Roughly three weeks ago, UNC built a 10-point lead at Duke with 3:51 to play before losing it due to a similar allotment of miscues. The Tar Heels changed up the script two weeks ago in their home loss to N.C. State, reducing a 16-point second-half deficit to two points before committing six turnovers in a 14-possession stretch to hand the game back to the Wolfpack.

On Saturday, that familiar script played out yet again as UNC watched a seven-point lead whittled away to nothing as Duke grabbed control with a 14-2 run midway through the second half.

The Tar Heels committed six turnovers over their final 14 possessions, including three consecutive miscues that allowed Duke to turn a three-point game into a nine-point game with 6:19 to play.

“We played pretty doggone well except for a four- or five-minute stretch there,” Williams said. “I’ve got to do a better job of getting them to focus. You can’t have those stretches there against a really good basketball team.”

Good teams, such as this UNC edition, don’t have much, if any, margin of error against elite teams like Duke, Virginia and Kentucky. When UNC plays well, it can play with any team in the country. A litany of empty possessions when they matter most, however, result in a revolving door of head-scratching losses that prompt discussions about poise, efficiency and sense of urgency, or a lack thereof.

Justin Jackson’s comments after Saturday’s loss have been heard before in the UNC locker room this season: “I really don’t even know how to explain what happened towards the end.”

In the midst of highlighting a number of plays in which UNC failed to execute – a Duke offensive rebound and putback here, a failure to close out on a open 3-point shooter there – Marcus Paige summed up his team’s steady stream of struggles in the clutch with one sentence.

“They just made a couple of plays due to the discipline and the attention to detail,” Paige said, “and we just kind of missed out on those opportunities.”

It’s indicative of UNC’s current plight that Roy Williams pleaded to his team during one late huddle to keep their poise. Jackson said he could sense his team tightening up when the Blue Devils were executing and the Tar Heels were not as the game clock ticked down.

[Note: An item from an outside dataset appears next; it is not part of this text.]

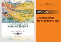 PART 1 Introduction to Management CHAPTER 1 Understanding the Manager’s Job © 2019 Cengage. All rights reserved. Learning Objectives After studying this chapter, you should be able to: 1. Define management, describe the kinds of managers found in organizations, identify and explain the four basic management functions, describe the fundamental management skills, and comment on management as a science and art. 2. Justify the importance of history and theory to managers, and explain the evolution of management through the classical, behavioral, and quantitative perspectives. 3. Identify and discuss key contemporary management perspectives represented by the systems and contingency perspectives, and identify the major challenges and opportunities faced by managers today. © 2019 Cengage. All rights reserved. Discussion Starter (1) • Unlike most traditional managers, Netflix CEO, Reed Hastings does not have an office. He wanders around headquarters, talking to people about their work and their ideas. Hastings continues to look for the “next big thing.” – – To watch a brief interview with Reed Hastings, visit CNN Money (http://money.cnn.com/video/news/2014/02/21/nnetflix-ceo-reed-hastings-business-ofbeing.cnnmoney/index.html). What qualities and traits do you think are essential for a manager to have in order to create a successful business? © 2019 Cengage. All rights reserved. 1-1 An Introduction to Management (slide 1 of 3) • Organization – A group of people working together in a structured and coordinated fashion to achieve a set of goals • Management – A set of activities (including planning and decision making, organizing, leading, and controlling) directed at an organization’s resources (human, financial, physical, and information) with the aim of achieving organizational goals in an efficient and effective manner © 2019 Cengage. All rights reserved. 1-1 An Introduction to Management (slide 2 of 3) EFFICIENTLY Using resources wisely in a cost-effective way and EFFECTIVELY Making the right decisions and successfully implementing them © 2019 Cengage. All rights reserved. 1-1 An Introduction to Management (slide 3 of 3) • Manager – Someone whose primary responsibility is to carry out the management process © 2019 Cengage. All rights reserved. FIGURE 1.1 Kinds of Managers by Level and Area © 2019 Cengage. All rights reserved. Levels of Management • Top managers – Executives who manage the overall organization – Create the organization’s goals, overall strategy, and operating policies • Middle managers – Implement the policies and plans developed by top managers – Supervise and coordinate the activities of lower-level managers • First-line managers – Supervise and coordinate the activities of operating employees – Spend a large proportion of their time supervising the work of their subordinates © 2019 Cengage. All rights reserved. Managing in Different Areas of the Organization Marketing Managers Financial Managers Human Resources Managers Kinds of Managers by Area Administrative Managers Specialist Managers Operations Managers © 2019 Cengage. All rights reserved. FIGURE 1.2 The Management Process © 2019 Cengage. All rights reserved. What Skills Do Managers Need? Technical Conceptual Interpersonal Fundamental Management Skills Diagnostic Decision Making Communication Time Management © 2019 Cengage. All rights reserved. 1-1c Fundamental Management Skills (slide 1 of 3) • Technical skills – The skills necessary to accomplish or understand the specific kind of work done in an organization • Interpersonal skills – The ability to communicate with, understand, and motivate both individuals and groups • Conceptual skills – The manager’s ability to think in the abstract • Diagnostic skills – The manager’s ability to visualize the most appropriate response to a situation © 2019 Cengage. All rights reserved. 1-1c Fundamental Management Skills (slide 2 of 3) • Communication skills – The manager’s abilities both to effectively convey ideas and information to others and to effectively receive ideas and information from others • Decision-making skills – The manager’s ability to correctly recognize and define problems and opportunities and to then select an appropriate course of action to solve problems and capitalize on opportunities • Time management skills – The manager’s ability to prioritize work, to work efficiently, and to delegate appropriately © 2019 Cengage. All rights reserved. 1-1c Fundamental Management Skills (slide 3 of 3) • Watch this video from Bloomberg in which CEOs identify what they believe to be one skill every leader needs: – YouTube (https://www.youtube.com/watch?v=NhW7bnh0sDk). © 2019 Cengage. All rights reserved. Discussion Starter (2) • Recall a recent group project or task in which you have participated. Explain how members of the group displayed each of the managerial skills. © 2019 Cengage. All rights reserved. 1-1d The Science and the Art of Management • The Science of Management – Assumes problems and issues can be approached using rational, logical, objective, and systematic ways – Requires technical, diagnostic, and decision-making skills • The Art of Management – Requires a blend of intuition, experience, instinct, and personal insights – Relies heavily on conceptual, communication, interpersonal, and time management skills © 2019 Cengage. All rights reserved. 1-2a The Importance of Theory and History (slide 1 of 2) • Why Theory? – Provides a conceptual framework for organizing knowledge and providing a blueprint for action • Management theories are grounded in reality. • Most managers develop and refine their own theories of how they should run their organizations and manage the behavior of their employees. © 2019 Cengage. All rights reserved. 1-2a The Importance of Theory and History (slide 2 of 2) • Why History? – Stresses an awareness and un

“It’s hard for anybody, whenever another team is going on a run like that, to keep your emotions down and keep your poise,” Jackson said, “but against good teams, you have to do it because the game is a whole bunch of runs. Against a good team like that, the runs are going to come and you’ve got to be able to withstand it and come right back at them.

“In that last run they had, we didn’t come back at them.”

Junior wing J.P. Tokoto agreed that the Tar Heels lost their poise at times during Saturday’s loss, their fifth defeat in six games against the Blue Devils.

“It was up and down,” Tokoto said. “We’d have great moments and then we’d have bad moments. When we did have our bad moments, they capitalized. They did a good job of that.”

While the players talked about poise, Williams harped on focus. Regardless of what label deserves to be attached to UNC’s sixth loss in its last 10 games, the evidence was available on the court in the form of turnovers, defensive breakdowns and poor shot selection.

Despite Saturday marking the end of the regular season, the Tar Heels remain optimistic that their trend of late-game stumbles can be corrected before their postseason comes to a close.

“You can always fix something that’s not working out,” Tokoto said. “It’s just a matter of fixing it. It’s easier said than done, but it has to be done.”